YOUR TASK: Retype the lines from the one containing "Színe: szürke és" through the last line of the entries below, exactly and in full, omitting every image.

SUPPLIED DATA:

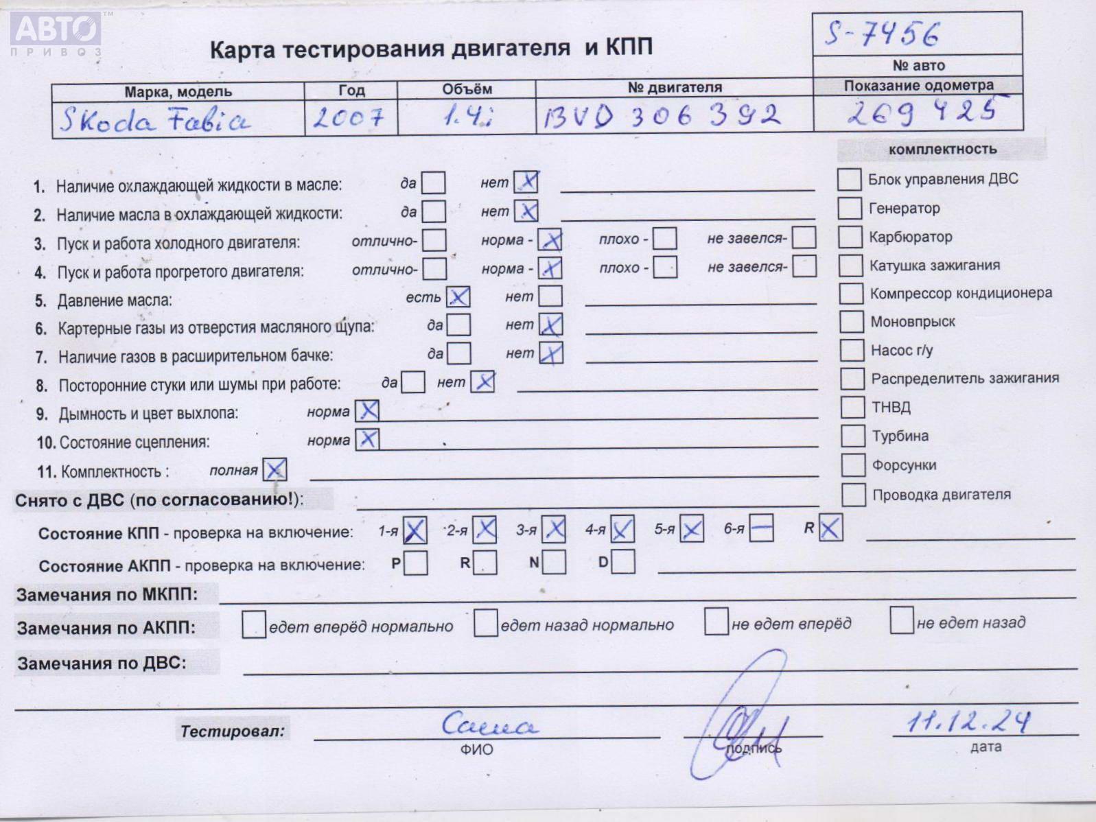 | Автомобиль / VIN: | S7456 TMBJX26Y774158606 |
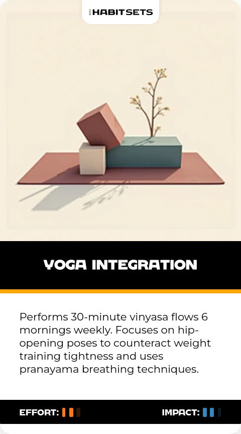 Performs 30-minute vinyasa flows 6 mornings weekly. Focuses on hip-opening poses to counteract weight training tightness and uses pranayama breathing techniques.
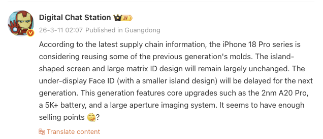 Le leaker ajoute que l'iPhone 18 Pro bénéficiera de quelques améliorations, comme la puce A20 Pro basée sur une architecture 2nm, un système d'appareil photo à plus grande ouverture et une batterie de plus de 5 000 mAh une batterie de plus de 5 000 mAh - probablement uniquement pour l'iPhone 18 Pro Max.
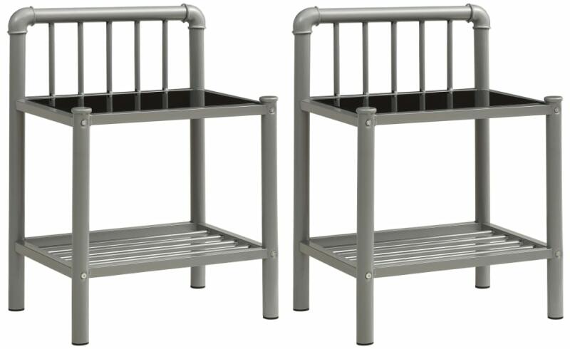 Színe: szürke és fekete Anyaga: üveg, porszórt bevonatú fém Mérete: 45 x 34,5 x 60,5 cm (Szé x Mé x Ma) A csomag tartalma: 2 db éjjeliszekrény Ez a 2 éjjeliszekrény egyszerű, mégis stílusos kiegészítője lehet otthona lakberendezésének. Fém vázának köszönhetően az éjjeliszekrény rendkívül stabil és robusztus. Az üvegpolc könnyen tisztítható és bőséges helyet
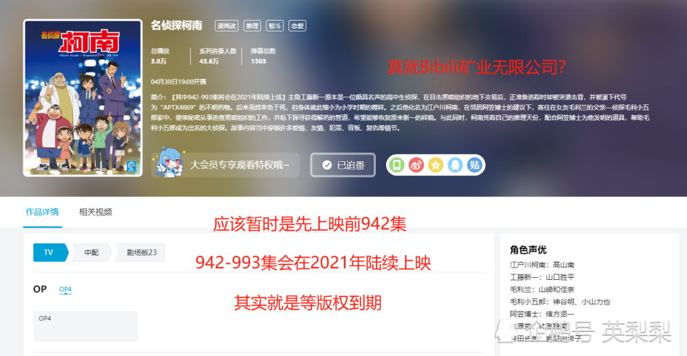 除此之外,B站所购买的《名侦探柯南》TV动画版权也仅仅只是一部分,简单来说就是暂时只能播出前942集,942集-993集会在2021年陆续播出,我推测是因为《名侦探柯南》TV动画942集-993集的版权在爱奇艺还没有到期,所以B站只能在2020年4月30上映前942集。不过,这也是很不错了,毕竟B站所购买的版权包含了日语和国语双配音。
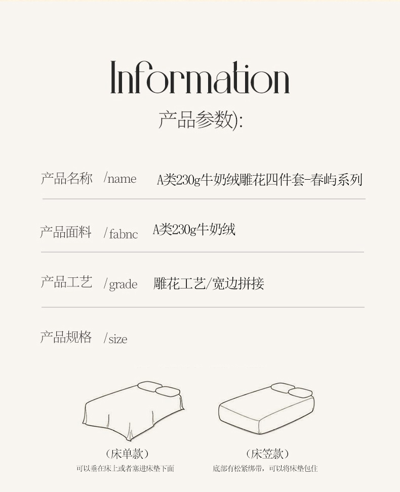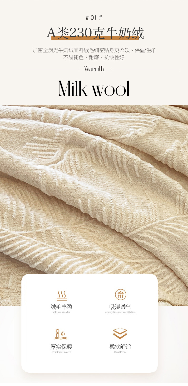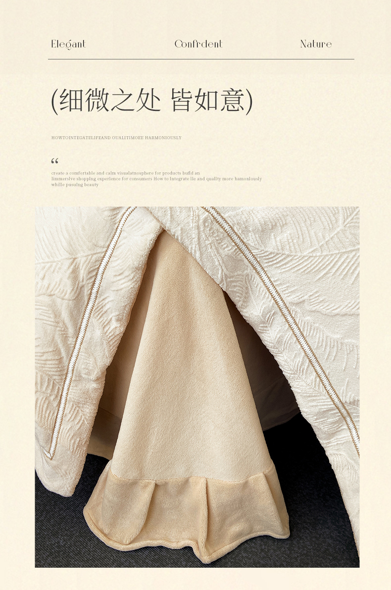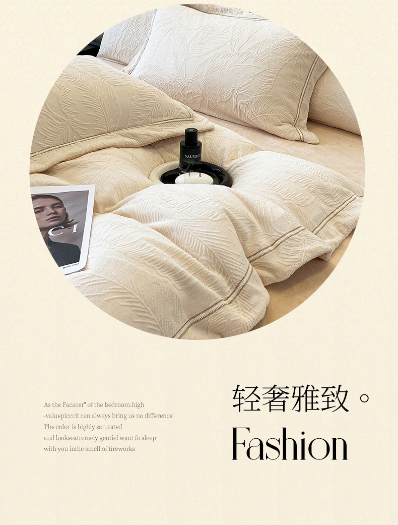 商品名称:金喜 2024新款AB230克全消光牛奶绒雕花绒四件套--春屿系列 玉脂粉

YOUR SOLUTION:
 Színe: szürke és fekete Anyaga: üveg, porszórt bevonatú fém Mérete: 45 x 34,5 x 60,5 cm (Szé x Mé x Ma) A csomag tartalma: 2 db éjjeliszekrény Ez a 2 éjjeliszekrény egyszerű, mégis stílusos kiegészítője lehet otthona lakberendezésének. Fém vázának köszönhetően az éjjeliszekrény rendkívül stabil és robusztus. Az üvegpolc könnyen tisztítható és bőséges helyet
 除此之外,B站所购买的《名侦探柯南》TV动画版权也仅仅只是一部分,简单来说就是暂时只能播出前942集,942集-993集会在2021年陆续播出,我推测是因为《名侦探柯南》TV动画942集-993集的版权在爱奇艺还没有到期,所以B站只能在2020年4月30上映前942集。不过,这也是很不错了,毕竟B站所购买的版权包含了日语和国语双配音。
 商品名称:金喜 2024新款AB230克全消光牛奶绒雕花绒四件套--春屿系列 玉脂粉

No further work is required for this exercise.